2.8.3 Recueillir les points de vue des usagers

La publication du Comité d’action intitulée Recueillir les points de vue des usagers pour soutenir le fonctionnement efficace du système judiciaire met en lumière quatre exemples d’institutions judiciaires canadiennes qui ont consulté les usagers, y compris les usagers finaux, pour connaître leurs expériences liées au système de justice. Voici ces exemples, présentés dans la section 3, intitulée Des exemples inspirants :

  • La Cour d’appel de la Colombie-Britannique, qui a mené un sondage auprès des usagers pour faire le bilan de leur expérience relativement aux mesures d’adaptation liées à la pandémie.
  • La Stratégie de modernisation du droit de la famille du Manitoba, qui a intégré des solutions en matière de services de justice familiale élaborées conjointement avec les Manitobains.
  • Le Comité sur l’accès virtuel à tous les tribunaux de la Nouvelle-Écosse, qui a collaboré avec une organisation d’étudiants bénévoles pour recueillir des commentaires sur l’expérience des personnes marginalisées lors de la transition vers les audiences virtuelles.
  • La Direction des services judiciaires de la Colombie-Britannique, qui mène des entrevues informelles – qu’elle appelle des « interventions » – afin de recueillir instantanément les commentaires des usagers des tribunaux.

2.8.4 Collaborer pour améliorer l’accès à la justice

Les publications antérieures du Comité d’action ont souligné les avantages d’une collaboration avec un large éventail de partenaires, y compris des représentants des populations d’usagers.

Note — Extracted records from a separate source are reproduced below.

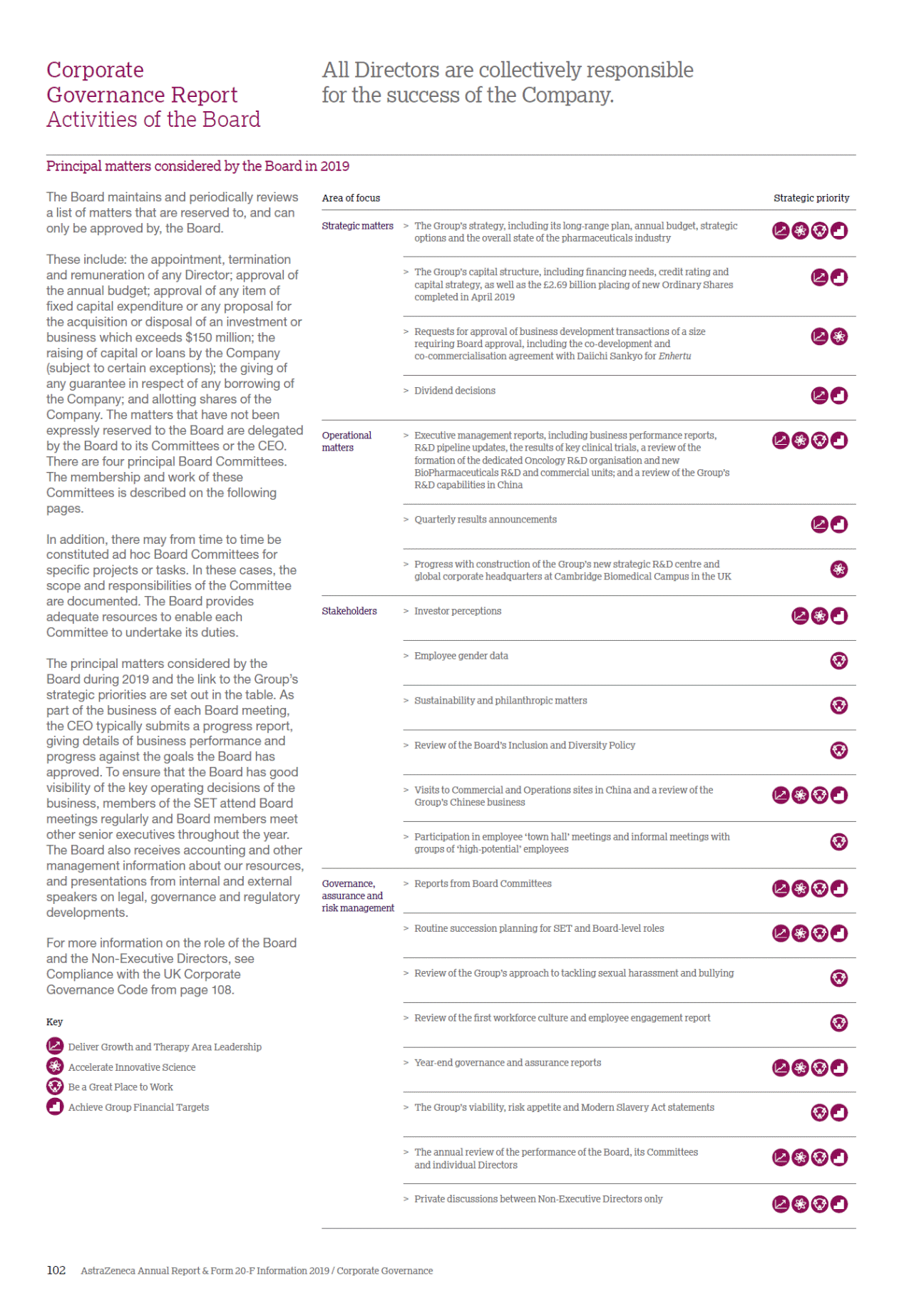 Corporate Governance Overview Delivery How our governance supports the delivery of our strategy All Directors are collectively responsible for the success of the Group. The Non-Executive Directors exercise independent, objective judgement in respect of Board decisions, and scrutinise and challenge management. They also have various responsibilities concerning the integrity of financial information, internal controls and risk management. The Board is responsible for setting our strategy and policies, overseeing risk and corporate governance, and monitoring progress towards meeting our objectives and annual plans. It is accountable to our shareholders for the proper conduct of the business and our long-term success, and seeks to represent the interests of all stakeholders. The Board conducts an annual review of the Group’s overall strategy. The CEO, CFO and Senior Executive Team (SET) take the lead in developing our strategy, which is then reviewed, constructively challenged and approved by the Board. Governance structure The Board has delegated some of its powers to the CEO and operates with the assistance of four Committees: In addition to the SET, we have two senior-level governance bodies: Attendance in 2019 Board Committee membership and meeting attendance in 2019 Nomination and Governance Name Board Audit Remuneration Science Board or Committee Chairman Geneviève Berger 5(7) 2(2) The Board held seven meetings in 2019, including its usual annual strategy review. Five took place in London, UK; one was held at AstraZeneca’s facilities in Shanghai and Wuxi, China; and one was held as a teleconference/ videoconference call. Philip Broadley 7(7) 6(6) 5(5) 4(4) Graham Chipchase 7(7) 5(5) 5(5) Michel Demaré – appointed 1 September 2019 3(3) 2(2) Deborah DiSanzo 7(7) 6(6) Marc Dunoyer 7(7) Leif Johansson 7(7) 5(5) 5(5) The Board is currently scheduled to meet six times in 2020 and will meet at such other times as may be required to conduct business. Rudy Markham – retired 26 April 2019 3(3) 3(3) 1(1) 3(3) Sheri McCoy 7(7) 6(6) 5(5) Tony Mok 7(7) 2(2) Nazneen Rahman 7(7) 5(5) 2(2) Pascal Soriot 7(7) Marcus Wallenberg 6(7) 2(2) Note: number in brackets denotes number of meetings during the year that Board members were entitled to attend. For more information, see Changes to the composition of the Board and its Committees for the year ended 31 December 2019 on page 98. For more information on attendance at Board and Committee meetings, see Role of Non-Executive Directors on page 110. 97 AstraZeneca Annual Report & Form 20-F Information 2019 / Corporate Governance Corporate Governance Late Stage Portfolio Committee Page 100 Early Stage Portfolio Committee Page 100 Senior Executive Team (SET) Details of our SET on pages 100 and 101 Science Committee Report from page 113 Remuneration Committee Report from page 125 Nomination and Governance Committee Report from page 114 Audit Committee Report from page 116 Board Corporate Governance Report from page 102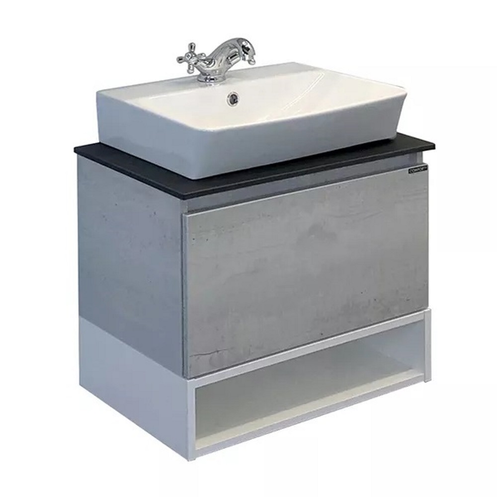 Тумба подвесная Comforty Прага 60 с серой столешницей и раковиной 9055RA-50 Дуб белый 00-00015289CF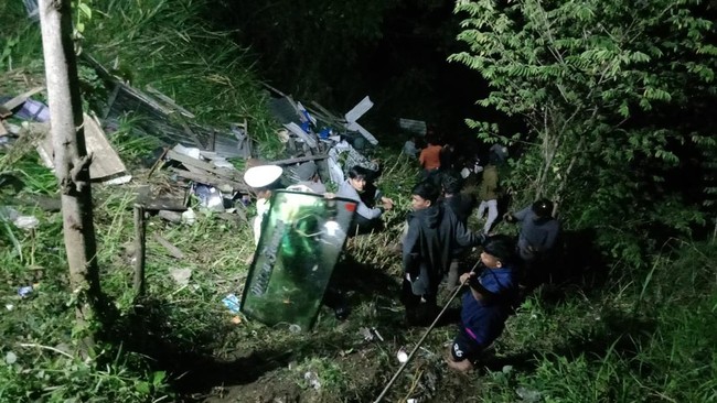 "Akibat kejadian tersebut suami istri bersama dengan warungnya serta penumpang yang berada dalam mobil langsung terjun ke jurang yang diperkirakan kedalamannya kurang lebih 300 meter," terangnya.
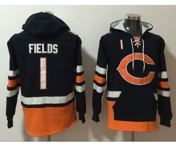 Men's Chicago Bears #1 Justin Fields Navy Ageless Must-Have Lace-Up Pullover Hoodie

  • La publication Collaboration entre les divers intervenants : Pratiques exemplaires et leçons retenues de la pandémie comprend une annexe qui met en lumière le travail du Comité d’accessibilité aux tribunaux de l’Ontario (CATO). En tant que comité multilatéral mandaté pour superviser les progrès vers un système judiciaire accessible aux personnes handicapées, le CATO a réussi à favoriser la prise en compte plus rapide et exhaustive des facteurs d’accessibilité pertinents à l’étape de conception des projets du secteur de la justice en Ontario. Sa combinaison de représentants d’un large éventail d’organismes communautaires – y compris ceux ayant une expérience vécue du handicap, et de champions de haut niveau issus à la fois de la magistrature et du pouvoir exécutif – a soutenu une approche axée sur les usagers pour améliorer l’accessibilité aux tribunaux de l’Ontario.
  • La publication Étude de cas : Incidence de la pandémie de COVID-19 sur les tribunaux du mieux-être de la Nouvelle-Écosse souligne, à la section 2, le rôle important du Comité directeur des programmes des tribunaux du mieux-être. À l’instar du CATO, ce comité directeur réunit des leaders de la magistrature et du gouvernement ainsi qu’un large éventail de partenaires du secteur de la justice et de la communauté. La présence de partenaires communautaires, y compris d’anciens participants au programme des tribunaux du mieux-être et des représentants des communautés autochtones et noires, garantit que les voix et les préoccupations des usagers sont intégrées dans la structure de gouvernance de ce modèle de tribunal spécialisé.